**TASK:**
Return only the lines below starting at the line containing "2016 요넥스 코리아주니어오픈" and ending at the line containing "New Massimo Matteo", both included, exactly as they are and with no pictures.

**Entries taken from a collection:**
........

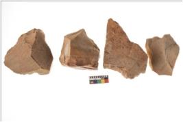 | Description / विवरण | Four worked flakes, most of them are uneven whereas some are tapering at one end. |
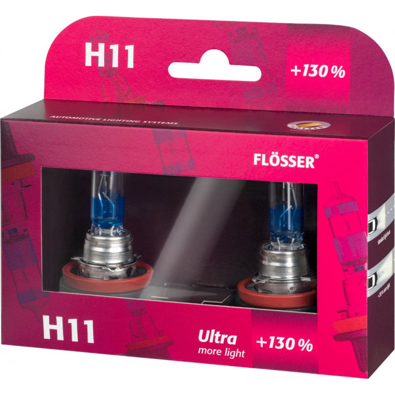 Flosser Autospuldzes H11 12V 55W PGJ19-2 Ultra Plus + 130%, 2gab.
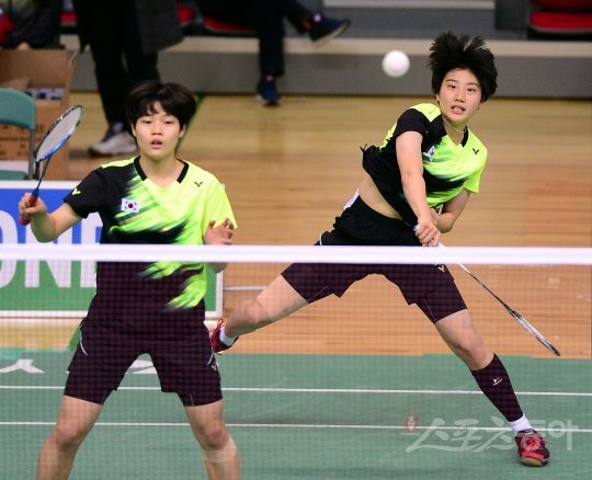 2016 요넥스 코리아주니어오픈 국제배드민턴선수권대회가 21~27일 경남 밀양배드민턴경기장에서 열린다. 26일 U-17 여자 복식 4강전에서 한국 안채현(오른쪽)-이유림 조가 스매싱 공격을 하고 있다.
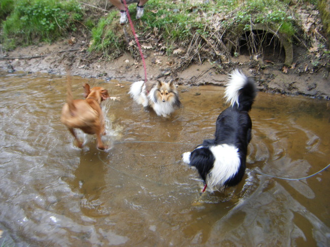 Honden foto's > Jessica > Mijn allereerste stapjes in dat koude water,, wat spannend
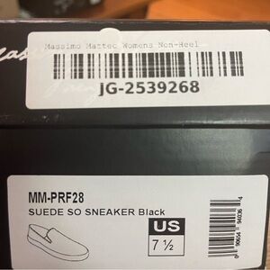 New Massimo Matteo black suede sneakers I called so. Size 7.5 medium made in Brazil very comfortable and real Suede uppers retail $99. They seem to run slightly large so should fit a size 8M.as well.
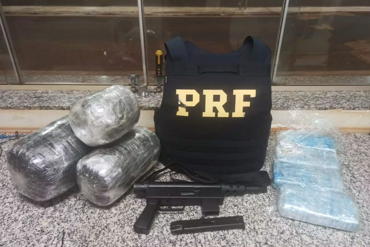 Um homem de 31 anos, natural de Alagoas, foi preso pela Polícia Rodoviária Federal (PRF) transportando drogas e armamento em um ônibus na BR-463, em Ponta Porã. A prisão ocorreu durante fiscalização de rotina no domingo (5). Na inspeção das bagagens do suspeito, que seguia para Campo Grande, foram encontrados 4,15 kg de cocaína, 5,65 kg de haxixe e uma submetralhadora sueca calibre 9 mm. O homem confessou que levaria o material até Três Lagoas. Todo o material apreendido foi encaminhado à 1ª Delegacia de Polícia Civil de Ponta Porã.
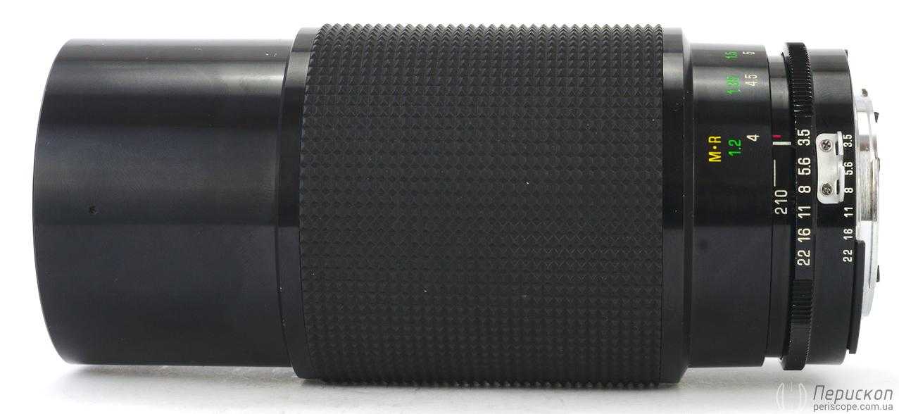 Диафрагма имеет 6 лепестков. Закрывается дискретно: 3,5-5,6-8-11-16-22. У объектива нет режима макро, такого как у первой версии, сделанной Кироном. Поэтому МДФ составляет 1,2 м. Это позволяет снимать на длинном конце в максимальном масштабе 1:4.
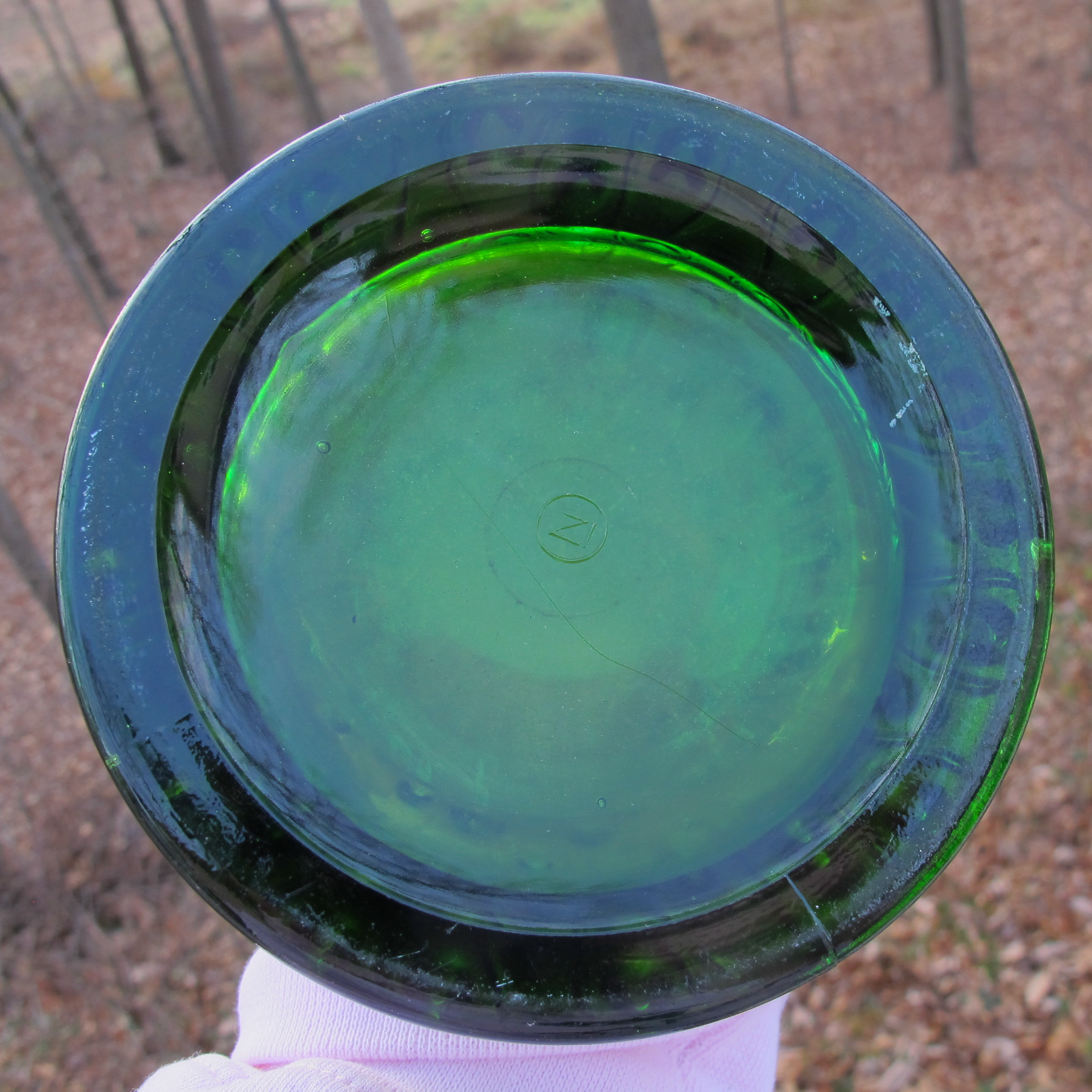 This is top notch and right off of my shelf! It is a Northwood mid-sized Tree Trunk vase! Top of the line in GREEN! Love the emerald green highlighting in the mouth!

........

**SOLUTION FOR THIS TASK:**
 2016 요넥스 코리아주니어오픈 국제배드민턴선수권대회가 21~27일 경남 밀양배드민턴경기장에서 열린다. 26일 U-17 여자 복식 4강전에서 한국 안채현(오른쪽)-이유림 조가 스매싱 공격을 하고 있다.
 Honden foto's > Jessica > Mijn allereerste stapjes in dat koude water,, wat spannend
 New Massimo Matteo black suede sneakers I called so. Size 7.5 medium made in Brazil very comfortable and real Suede uppers retail $99. They seem to run slightly large so should fit a size 8M.as well.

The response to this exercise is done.